L’importanza di chiamarsi Enrico (Astori)

«Ho fatto ciò che mi piaceva, ho prodotto oggetti che avrei voluto acquistare o regalare, ho frequentato persone che stimolavano la mia curiosità e ho desiderato di lavorare con loro. Driade non è mai stata un obiettivo ma un mezzo, uno strumento di conoscenza. Vedo Driade come uno scrigno, o un’arca che raccoglie le bellezze del mondo in attesa del diluvio».

 

Interni del negozio Driade in via Manzoni a Milano, ph. ©Francesco Bolis.

 

Designer, giornalisti, fotografi, artisti e amici si sono riuniti l’11 maggio nel Salone d’Onore di Triennale Milano per ricordare Enrico Astori, mancato nel 2020 durante la prima fase del Covid, co-fondatore di Driade insieme alla sorella Antonia e alla moglie Adelaide Acerbi.

Moderata da Fulvio Irace, la serata L’importanza di chiamarsi Enrico ha visto i contributi di Cristina Morozzi, Tom Vack, Linde e François Burkhardt, Rodolfo Dordoni, Paolo Rinaldi, Sergio Buttiglieri e molti ancora, anche in collegamento video come Philippe Starck, Óscar Tusquets, Flavio Albanese e Marva Griffin.

 

 

La seduta del 1985 Von Vogelsang di Philippe Starck.

 

Il design per Astori non era (solo) un prodotto: era la via per aspirare all’opera d’arte totale, di cui Driade è stata la partitura più fedele.

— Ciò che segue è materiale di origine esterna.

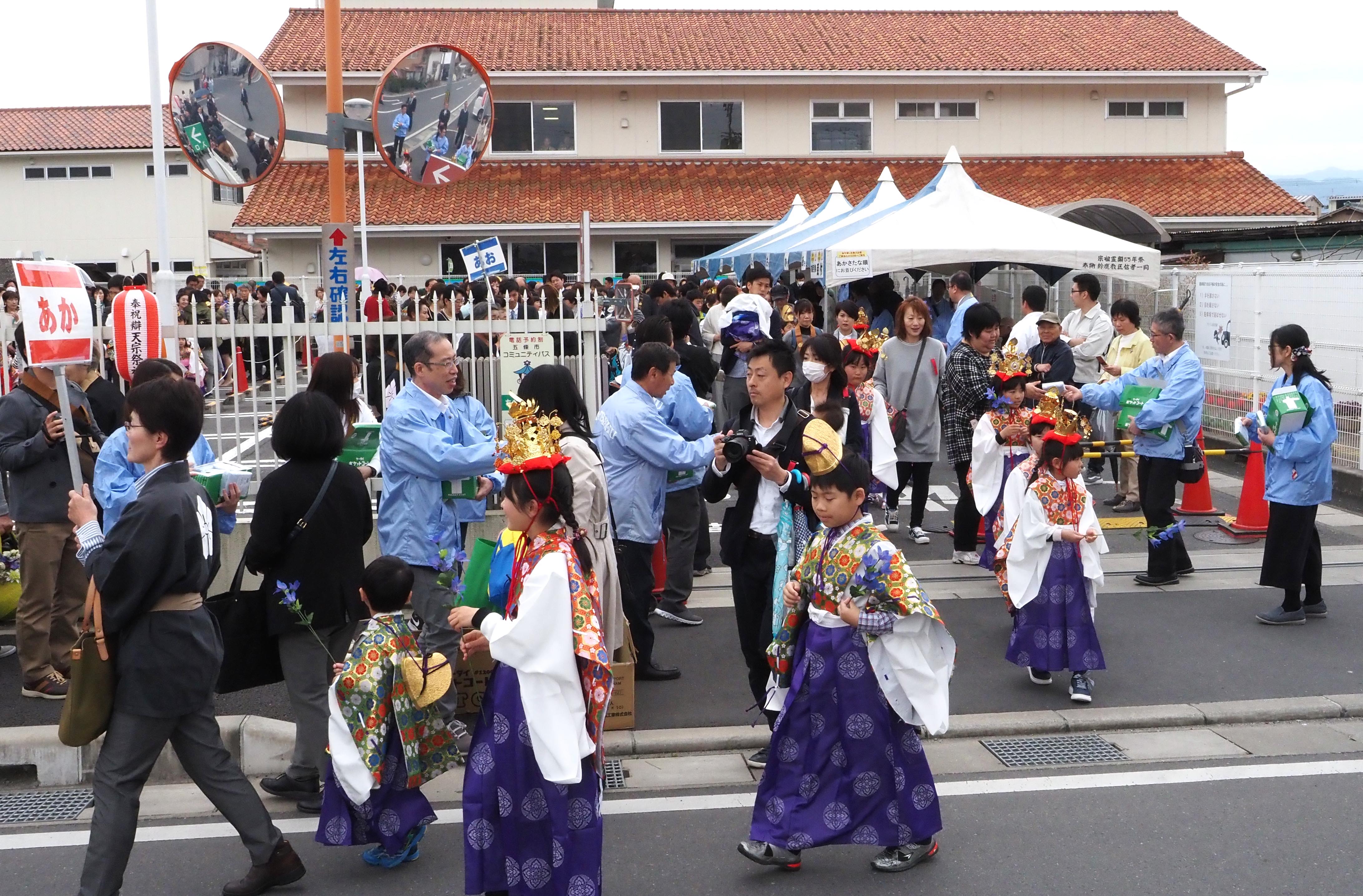 午前11時。五條市野原にあるちべん保育園から総本山如意寺まで約1kmの道を、子どもたちが稚児の衣装をまとい、家族らと一緒に華やかに練り歩きました。
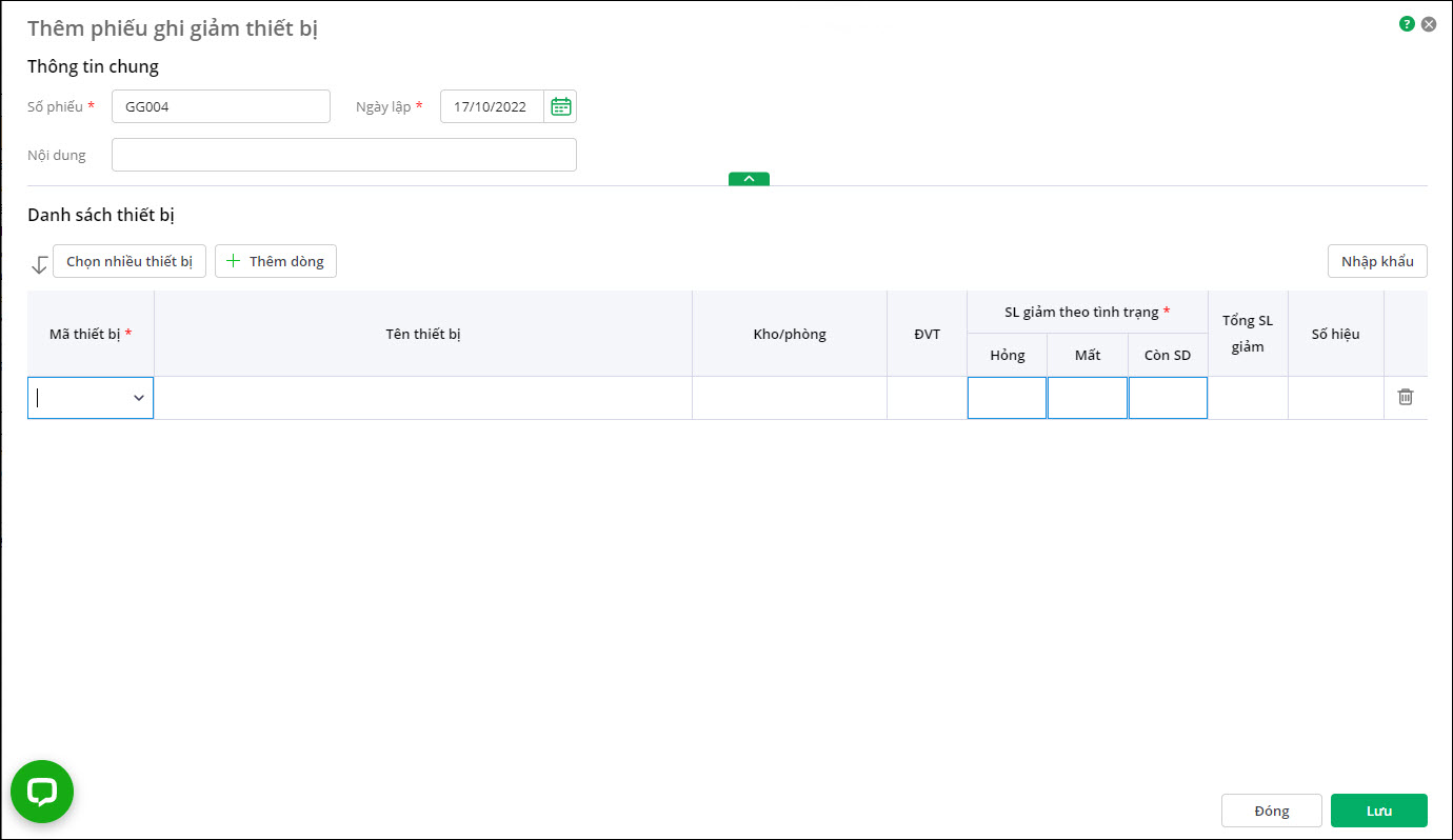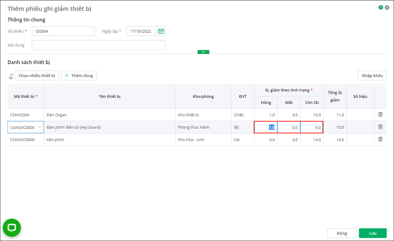 - Khai báo thông tin trên phiếu ghi giảm thiết bị: Số phiếu, ngày lập, nội dung.

Compiendo il salto da produttore a editore, l’imprenditore maturò tra la fine degli anni Settanta e l’inizio degli anni Ottanta un capitolo inedito della creatività internazionale. Il catalogo Driade era sterminato ed eclettico, dai vetri di Bořek Šipek ai primi arredi di successo di Philippe Starck fino ai sistemi Oikos di Antonia Astori, definiti, non a caso, «le ossa della Driade».

Come ha ricordato Flavio Albanese: «Era un demiurgo che amava fare un rito, quello delle connessioni impossibili. È riuscito a mettere insieme gli apparenti opposti con grande leggerezza. Mondi opposti che si incontravano: il nord borghese e il profondo sud, l’Occidente e l’Oriente, il tutto con la sua eleganza innata».

Enrico Astori voleva creare un mondo magico per le persone che amava. Dalle parole di chi lo ha ricordato (e amato) non possiamo non credere che ci sia riuscito.

 

La poltrona Suki, progettata nel 1987 da Toyo Ito, è un doppio filare di rete d’acciaio distanziato da numerose molle.